### [INFORMATION SHOWN]
§ §

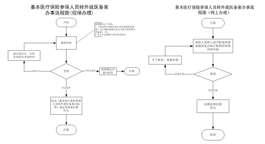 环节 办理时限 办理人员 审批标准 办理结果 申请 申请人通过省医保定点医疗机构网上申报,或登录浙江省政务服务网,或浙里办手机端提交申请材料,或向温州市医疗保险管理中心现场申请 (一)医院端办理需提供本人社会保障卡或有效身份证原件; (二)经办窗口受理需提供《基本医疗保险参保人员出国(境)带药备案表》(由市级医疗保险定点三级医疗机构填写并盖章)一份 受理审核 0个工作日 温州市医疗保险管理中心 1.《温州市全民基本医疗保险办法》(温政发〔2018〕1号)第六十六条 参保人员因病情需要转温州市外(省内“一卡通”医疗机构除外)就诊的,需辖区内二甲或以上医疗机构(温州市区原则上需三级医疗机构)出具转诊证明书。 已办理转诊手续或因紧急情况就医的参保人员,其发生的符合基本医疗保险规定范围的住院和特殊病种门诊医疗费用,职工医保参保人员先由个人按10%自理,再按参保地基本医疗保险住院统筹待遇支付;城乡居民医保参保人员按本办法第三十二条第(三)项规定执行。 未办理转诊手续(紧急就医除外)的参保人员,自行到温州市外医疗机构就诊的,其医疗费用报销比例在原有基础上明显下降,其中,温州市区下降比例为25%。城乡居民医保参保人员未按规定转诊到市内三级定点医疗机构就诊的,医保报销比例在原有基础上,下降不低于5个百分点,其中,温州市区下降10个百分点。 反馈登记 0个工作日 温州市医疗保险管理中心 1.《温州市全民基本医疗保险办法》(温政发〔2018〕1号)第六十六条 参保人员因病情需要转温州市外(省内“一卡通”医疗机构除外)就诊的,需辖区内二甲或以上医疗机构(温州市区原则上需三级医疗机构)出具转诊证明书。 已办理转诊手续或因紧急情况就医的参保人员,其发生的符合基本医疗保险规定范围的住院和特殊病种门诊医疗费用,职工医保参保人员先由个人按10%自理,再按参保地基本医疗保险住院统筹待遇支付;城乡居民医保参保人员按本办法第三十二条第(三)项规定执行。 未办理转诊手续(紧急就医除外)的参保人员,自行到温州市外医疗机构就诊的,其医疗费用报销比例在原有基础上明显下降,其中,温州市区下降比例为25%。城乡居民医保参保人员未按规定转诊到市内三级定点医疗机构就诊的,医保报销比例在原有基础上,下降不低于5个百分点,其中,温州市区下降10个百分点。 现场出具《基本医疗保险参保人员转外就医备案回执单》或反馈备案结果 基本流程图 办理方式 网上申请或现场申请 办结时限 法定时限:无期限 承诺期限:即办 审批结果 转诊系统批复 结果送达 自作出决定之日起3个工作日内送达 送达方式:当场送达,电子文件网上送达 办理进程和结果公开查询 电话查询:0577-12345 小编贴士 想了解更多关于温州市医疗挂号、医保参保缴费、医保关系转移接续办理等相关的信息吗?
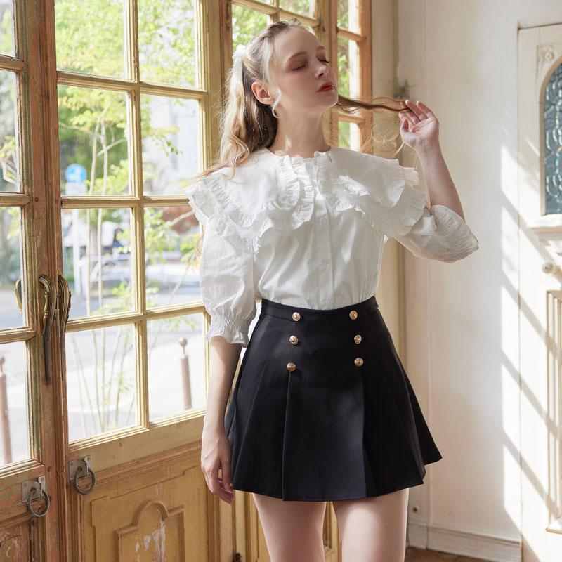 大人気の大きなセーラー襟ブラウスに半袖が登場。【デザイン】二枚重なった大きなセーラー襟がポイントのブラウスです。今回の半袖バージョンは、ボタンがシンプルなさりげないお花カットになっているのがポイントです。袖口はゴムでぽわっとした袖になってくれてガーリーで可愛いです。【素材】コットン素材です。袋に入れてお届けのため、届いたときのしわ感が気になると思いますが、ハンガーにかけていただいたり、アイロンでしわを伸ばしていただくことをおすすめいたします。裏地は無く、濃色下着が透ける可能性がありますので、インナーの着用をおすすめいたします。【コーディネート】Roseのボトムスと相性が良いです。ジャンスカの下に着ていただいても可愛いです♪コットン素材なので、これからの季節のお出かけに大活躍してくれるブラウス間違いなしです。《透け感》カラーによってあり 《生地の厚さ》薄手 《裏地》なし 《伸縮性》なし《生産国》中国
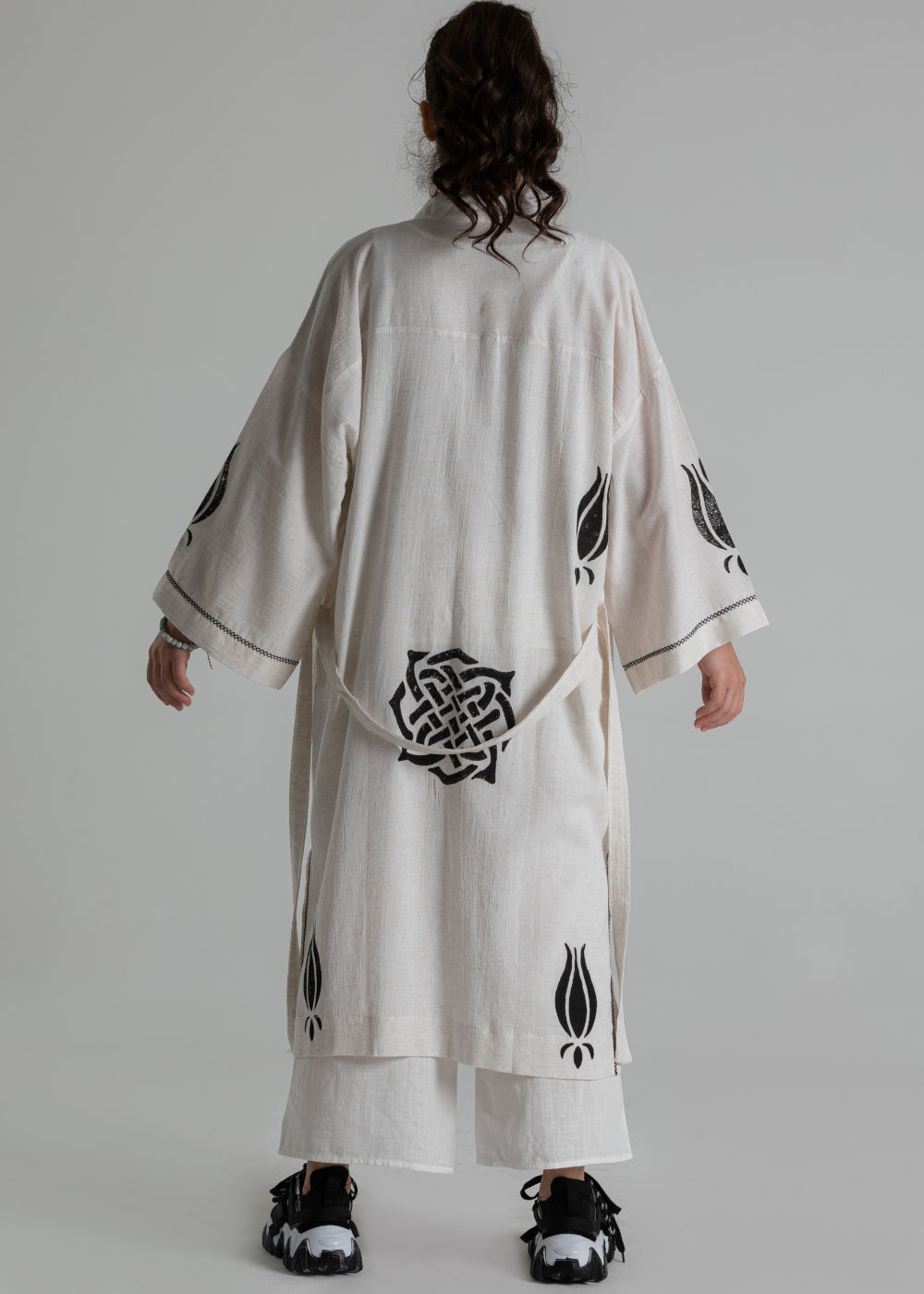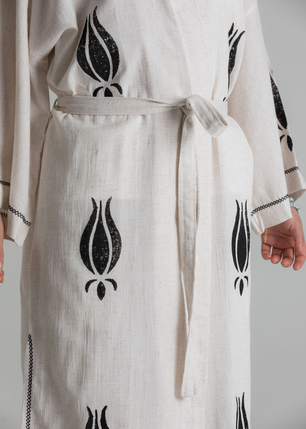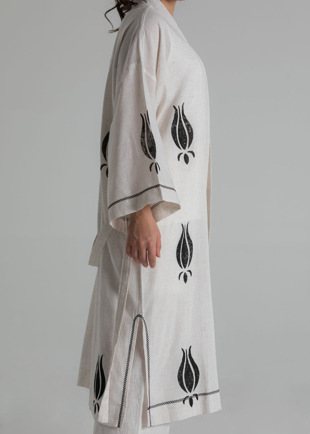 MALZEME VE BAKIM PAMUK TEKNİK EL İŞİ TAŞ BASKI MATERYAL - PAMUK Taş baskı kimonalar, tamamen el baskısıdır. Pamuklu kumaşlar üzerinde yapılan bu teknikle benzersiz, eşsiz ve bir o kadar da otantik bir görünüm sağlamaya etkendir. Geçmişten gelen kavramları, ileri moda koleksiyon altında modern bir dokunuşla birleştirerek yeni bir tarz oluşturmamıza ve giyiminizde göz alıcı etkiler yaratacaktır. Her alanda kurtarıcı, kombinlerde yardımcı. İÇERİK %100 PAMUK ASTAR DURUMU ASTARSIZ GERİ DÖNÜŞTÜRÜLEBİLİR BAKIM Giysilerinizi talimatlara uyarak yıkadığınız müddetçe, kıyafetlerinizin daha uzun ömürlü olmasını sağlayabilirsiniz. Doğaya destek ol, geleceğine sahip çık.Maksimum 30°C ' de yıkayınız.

§ §

### [YOUR INSTRUCTIONS]
Line by line, return the listing above exactly, leaving out its pictures.

### [RESPONSE BELOW]
 环节 办理时限 办理人员 审批标准 办理结果 申请 申请人通过省医保定点医疗机构网上申报,或登录浙江省政务服务网,或浙里办手机端提交申请材料,或向温州市医疗保险管理中心现场申请 (一)医院端办理需提供本人社会保障卡或有效身份证原件; (二)经办窗口受理需提供《基本医疗保险参保人员出国(境)带药备案表》(由市级医疗保险定点三级医疗机构填写并盖章)一份 受理审核 0个工作日 温州市医疗保险管理中心 1.《温州市全民基本医疗保险办法》(温政发〔2018〕1号)第六十六条 参保人员因病情需要转温州市外(省内“一卡通”医疗机构除外)就诊的,需辖区内二甲或以上医疗机构(温州市区原则上需三级医疗机构)出具转诊证明书。 已办理转诊手续或因紧急情况就医的参保人员,其发生的符合基本医疗保险规定范围的住院和特殊病种门诊医疗费用,职工医保参保人员先由个人按10%自理,再按参保地基本医疗保险住院统筹待遇支付;城乡居民医保参保人员按本办法第三十二条第(三)项规定执行。 未办理转诊手续(紧急就医除外)的参保人员,自行到温州市外医疗机构就诊的,其医疗费用报销比例在原有基础上明显下降,其中,温州市区下降比例为25%。城乡居民医保参保人员未按规定转诊到市内三级定点医疗机构就诊的,医保报销比例在原有基础上,下降不低于5个百分点,其中,温州市区下降10个百分点。 反馈登记 0个工作日 温州市医疗保险管理中心 1.《温州市全民基本医疗保险办法》(温政发〔2018〕1号)第六十六条 参保人员因病情需要转温州市外(省内“一卡通”医疗机构除外)就诊的,需辖区内二甲或以上医疗机构(温州市区原则上需三级医疗机构)出具转诊证明书。 已办理转诊手续或因紧急情况就医的参保人员,其发生的符合基本医疗保险规定范围的住院和特殊病种门诊医疗费用,职工医保参保人员先由个人按10%自理,再按参保地基本医疗保险住院统筹待遇支付;城乡居民医保参保人员按本办法第三十二条第(三)项规定执行。 未办理转诊手续(紧急就医除外)的参保人员,自行到温州市外医疗机构就诊的,其医疗费用报销比例在原有基础上明显下降,其中,温州市区下降比例为25%。城乡居民医保参保人员未按规定转诊到市内三级定点医疗机构就诊的,医保报销比例在原有基础上,下降不低于5个百分点,其中,温州市区下降10个百分点。 现场出具《基本医疗保险参保人员转外就医备案回执单》或反馈备案结果 基本流程图 办理方式 网上申请或现场申请 办结时限 法定时限:无期限 承诺期限:即办 审批结果 转诊系统批复 结果送达 自作出决定之日起3个工作日内送达 送达方式:当场送达,电子文件网上送达 办理进程和结果公开查询 电话查询:0577-12345 小编贴士 想了解更多关于温州市医疗挂号、医保参保缴费、医保关系转移接续办理等相关的信息吗?
 大人気の大きなセーラー襟ブラウスに半袖が登場。【デザイン】二枚重なった大きなセーラー襟がポイントのブラウスです。今回の半袖バージョンは、ボタンがシンプルなさりげないお花カットになっているのがポイントです。袖口はゴムでぽわっとした袖になってくれてガーリーで可愛いです。【素材】コットン素材です。袋に入れてお届けのため、届いたときのしわ感が気になると思いますが、ハンガーにかけていただいたり、アイロンでしわを伸ばしていただくことをおすすめいたします。裏地は無く、濃色下着が透ける可能性がありますので、インナーの着用をおすすめいたします。【コーディネート】Roseのボトムスと相性が良いです。ジャンスカの下に着ていただいても可愛いです♪コットン素材なので、これからの季節のお出かけに大活躍してくれるブラウス間違いなしです。《透け感》カラーによってあり 《生地の厚さ》薄手 《裏地》なし 《伸縮性》なし《生産国》中国
 MALZEME VE BAKIM PAMUK TEKNİK EL İŞİ TAŞ BASKI MATERYAL - PAMUK Taş baskı kimonalar, tamamen el baskısıdır. Pamuklu kumaşlar üzerinde yapılan bu teknikle benzersiz, eşsiz ve bir o kadar da otantik bir görünüm sağlamaya etkendir. Geçmişten gelen kavramları, ileri moda koleksiyon altında modern bir dokunuşla birleştirerek yeni bir tarz oluşturmamıza ve giyiminizde göz alıcı etkiler yaratacaktır. Her alanda kurtarıcı, kombinlerde yardımcı. İÇERİK %100 PAMUK ASTAR DURUMU ASTARSIZ GERİ DÖNÜŞTÜRÜLEBİLİR BAKIM Giysilerinizi talimatlara uyarak yıkadığınız müddetçe, kıyafetlerinizin daha uzun ömürlü olmasını sağlayabilirsiniz. Doğaya destek ol, geleceğine sahip çık.Maksimum 30°C ' de yıkayınız.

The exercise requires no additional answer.